Come, moon. Come, shouts a ten year dream.
There is money in the bank to be spent.
The lovers are loving in the grace of midnight
In the moon in the pool.
Passing on a hammer from generation to generation serves multiple purposes. First, it gives one a token to remember the past. Second, it connects lives over time by creative function. Thirdly, it instils almost a godlike (think Thor) responsibility to pass on stored memory to those who come after. By this transfer of knowledge seniors offer continuing protection to human kind. Often this stored wisdom needs to be tweaked or repaired wholesale in the face of changing nature or alien threats. The importance of tools and practicality Metras reflects on in a poem that he, not surprisingly, entitles The Hammer. Consider these lines detailing the efficaciousness of this powerful symbol from the heart of the piece,
And now the hammer needs a new handle. Thirty years
of apartments and houses,
of shelves for clothes and books and out-grown toys,
of warped and ant-eaten clapboards,
door jams out of plumb, tree forts,
even the stuck faucet felt the hammer’s weight.

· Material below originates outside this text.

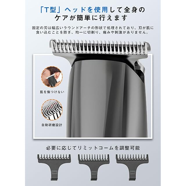 i型カッターヘッドデザイン: 独特な「I」字型のブレードヘッドを使っており、体のトリミングしにくいエリアをきれいに整えて、例えば:鼠径部や大臀筋です。鋭くて安全なカッターヘッドは。本製品は強いモーターにアップグレードして、バッテリー容量を増やして、製品のチップを最適化して、使用時間がもっと長くなり、省エネになりました。本体的にも簡単にメンテナンスすることができます。T字トリマーは付属のアタッチメントを取りつけて、毛の長さを調整できます。本体は環境にやさしくて耐用なABS樹脂を採用して作られており、いつでもどこでも自信を持ちましょう。

Its wood handle gripped and stained with sweat and
memory.
Its steel head dull but solid, older even than I am.
The wood handle split down the middle one day
when banging chisel to name a rock in the flower bed.
When the hounds of heaven are loosed Trappist monks and certain poets pray. Metras, after invoking the ghost of Thomas Merton, seems to number himself among those poets in this collection’s masterwork entitled The Rain, The Flood. In this seven section piece Metras’ Cistercian-like persona voices his personal stoicism in the face of collapsing society. Surrounded by the merciless music and madness of existence, the poet counsels acceptance and forgiveness. Water acts as a great destroyer, but also exhibits even greater powers of cleansing. Metras puts it this way,
Who questions rain
pitting the asphalt of our lives,
clotting in the turnings of culverts
and storm drains with the litter
of our lust, when all it wants
is that singular, downward journey?
Down the river bank
the old beech tree at the bend,
its roots rain-bared a little more
each year, will soon plunge
into the welcoming surge with
the grace of a clipped-wing angel.
Set in Istanbul Turkey Metras’ piece entitled Meditation on Chestnuts emits in its smoky timelessness an exotic fragrance indeed. I like this poem a lot. Outside the Grand Bazaar (I’ve stood in that exact spot—years ago) this purveyor of roasted chestnuts tends to his business through the centuries. Details change but the essentials survive and connect the ages. The poem opens inscrutably,
The chestnut roaster on the street outside
the Grand Bazaar ignores tourists coming
and going, ignores the glitter and noise
inside the shops, so busy cooking and
peeling, so intent arranging chestnuts –
arcs inside of arcs on the hot plate, row
after row, some cooked, some raw, all
arcing like a prayer…
Toward the end of the collection Metras places his poem April. Tulips and melting snow bring with them more unwelcome happenings. It is, after all, New England. Cruel jokes, thawing dead animals, and gossip carry the day. Yet there is beauty as seen from above by the universal lunar observer. The poet urges connection and cautious engagement and he expects nothing but the raw material of living. Metras opens this poem with man’s adaptation after the tumble of a failed dream. He says,
A neighbor is a builder. He loves April,
digs foundations, whistling. That before
the housing crash. Now he has some
sheep and goats. He doesn’t sing to them
as he shovels hay in, manure out.
These poems in total beget silence and contemplation. Like fast moving water from ice-packed heights, Metras’ words fall over us, crystalline and cleansing. Their impact: indisputably bracing.